*DATA SHOWN*.
--*--
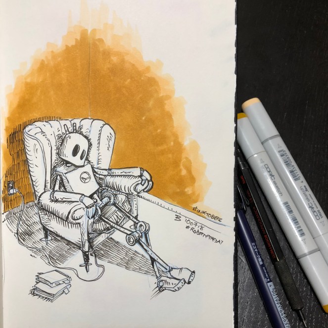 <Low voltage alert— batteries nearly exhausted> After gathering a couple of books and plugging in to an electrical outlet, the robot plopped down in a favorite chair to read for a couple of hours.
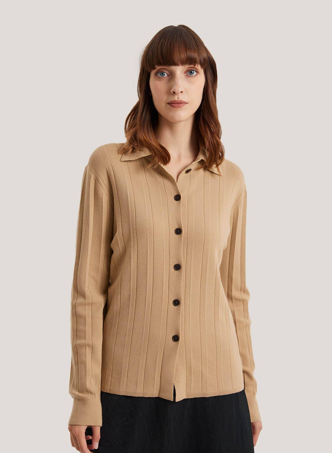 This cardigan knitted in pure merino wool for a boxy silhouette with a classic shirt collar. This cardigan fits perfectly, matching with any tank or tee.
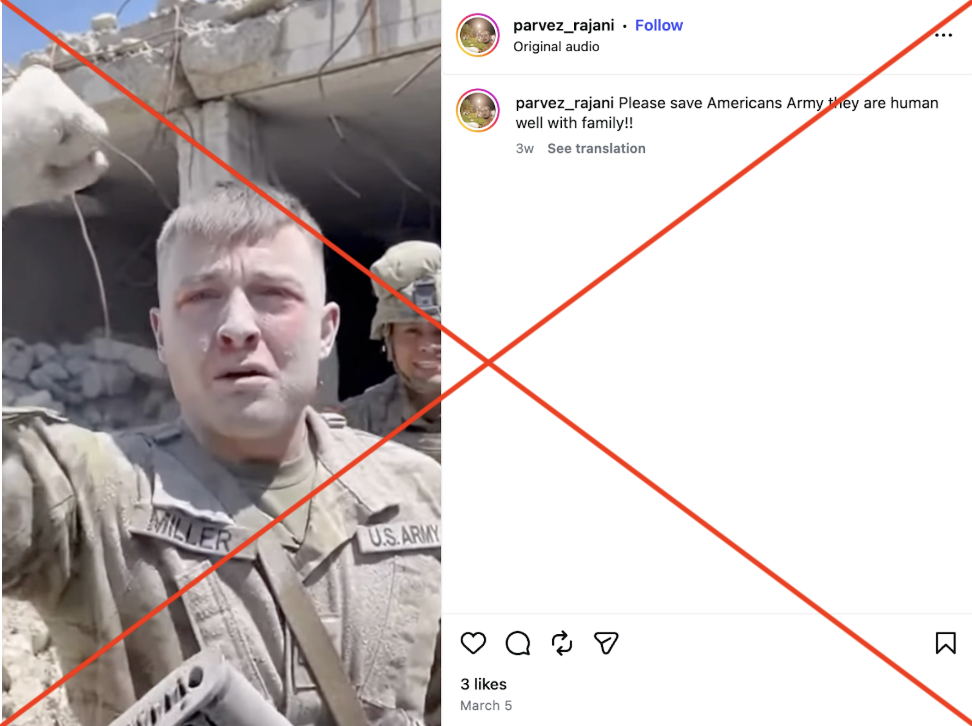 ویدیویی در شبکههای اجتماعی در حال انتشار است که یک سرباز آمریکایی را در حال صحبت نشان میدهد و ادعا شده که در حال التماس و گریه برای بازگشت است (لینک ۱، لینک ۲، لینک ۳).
--*--
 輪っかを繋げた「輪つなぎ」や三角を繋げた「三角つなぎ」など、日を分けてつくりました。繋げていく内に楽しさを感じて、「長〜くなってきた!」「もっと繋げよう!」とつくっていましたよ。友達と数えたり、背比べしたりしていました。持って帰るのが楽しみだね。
--*--
*PROBLEM STATEMENT*. Every line above in the stretch from the one with "<Low voltage alert—" through the one with "ویدیویی در شبکههای" is to be transcribed exactly, ends included. No picture is copied.

*OUTPUT FOR THIS TASK*.
 <Low voltage alert— batteries nearly exhausted> After gathering a couple of books and plugging in to an electrical outlet, the robot plopped down in a favorite chair to read for a couple of hours.
 This cardigan knitted in pure merino wool for a boxy silhouette with a classic shirt collar. This cardigan fits perfectly, matching with any tank or tee.
 ویدیویی در شبکههای اجتماعی در حال انتشار است که یک سرباز آمریکایی را در حال صحبت نشان میدهد و ادعا شده که در حال التماس و گریه برای بازگشت است (لینک ۱، لینک ۲، لینک ۳).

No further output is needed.